Arboriculture books

If you want to get into playing with trees and you can only read one book, read Dr. Alex Shigo’s A New Tree Biology. You might also want to check out his Tree Pruning: A Worldwide Photo Guide.

The study of trees and their lives and problems is very diverse. The rock-bottom base is Botany, the study of the lives of plants. A good general text is Biology of Plants, by Peter Raven and others, now in its eighth edition. Peter Raven has been a long-time director of the Missouri Botanical Garden in St. Louis, one of the world’s great centres for botanical research and an American brother to Kew Gardens in London, England.

Tree identification is key. Your whole memory file on each tree starts with its correct identification. There are many physical characteristics people use for tree ID; my personal favourite is bark. You will need the leaf, the bud, and the form, but bark is always there for you. The bark pattern of each species is different. Learn the bark and you learn the tree.

Several texts I like for ID are:

Trees and Shrubs of Alberta (Kathleen Wilkinson)
Regionally complete, excellent pictures.
Trees & Shrubs for the Northern Plains (Donald G. Hoag)
These drawing of Buds, etc. are beautiful.
Trees in Canada (John Laird Farrar)
A classic essential.
Manual of Woody Landscape Plants (Michael A. Dirr)
The big book, covers North America.

Insect and disease studies are next.
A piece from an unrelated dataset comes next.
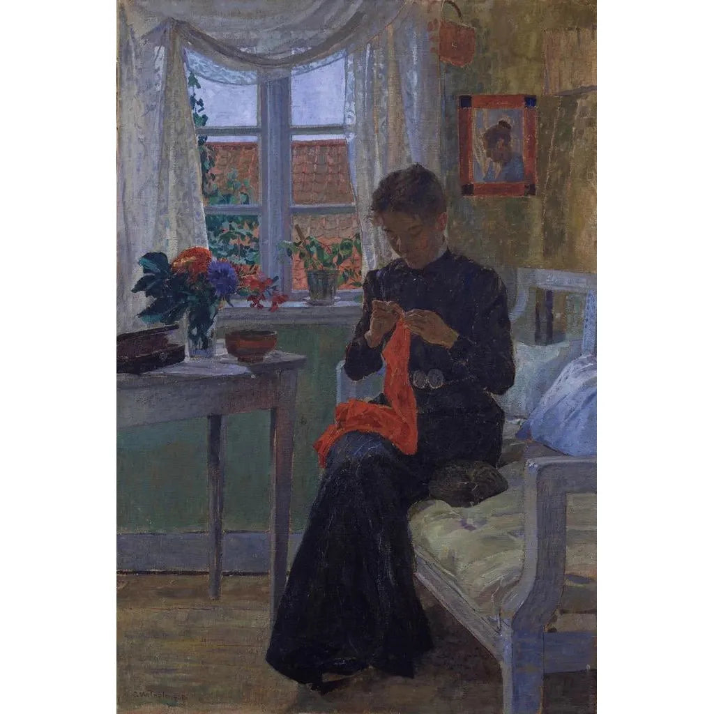 Carl Wilhelmson är en framstående figur inom svensk konst från början av 1900-talet, erkänd för sin förmåga att förena impressionismen med element från den nordiska traditionen. Född 1866, påverkades han av sina resor genom Europa, samtidigt som han förblev djupt förankrad i sitt skandinaviska arv. Hans verk, som Intérieur Bohuslän, vittnar om hans kärlek till naturen och det vardagliga livet, samtidigt som de lyfter fram skönheten i svenska landskap och interiörer. Wilhelmson lyckades föreviga enkla livsmomentsbilder, fyllda av känsla, vilket gör honom till en oumbärlig konstnär i sin tid.

In Alberta, we are given a bit of a break in the number of species, at least when compared to British Columbia. That said, there is still a lot to know. A good start are the publications of the Northern Forestry Centre:

Tree and Shrub Insects of the Prairie Provinces (W.G.H. Ives and H.R.Wong)
Concise colour photos in abundance make this an excellent reference.
Forest Tree Diseases of the Prairie Provinces (Y. Hiratsuka)
A companion volume to the one above.

Three large volumes from Cornell University Press are the industry standard references:

Diseases of Trees and Shrubs (Sinclair, Lyon, and Johnson)
Insects that Feed on Trees and Shrubs (Johnson and Lyon)
Hortus Third: A Concise Dictionary of Plants Cultivated in the United States and Canada ( L.H. Bailey, Ethel Zoe Bailey)

Here's a little book focused on the prairies:

The Prairie Gardener’s Book of Bugs (Nora Bryan and Ruth Staal)

For amazing colour photos of the inside workings of trees, including some greatly magnified, see Tree Anatomy, by Dr. Alex Shigo.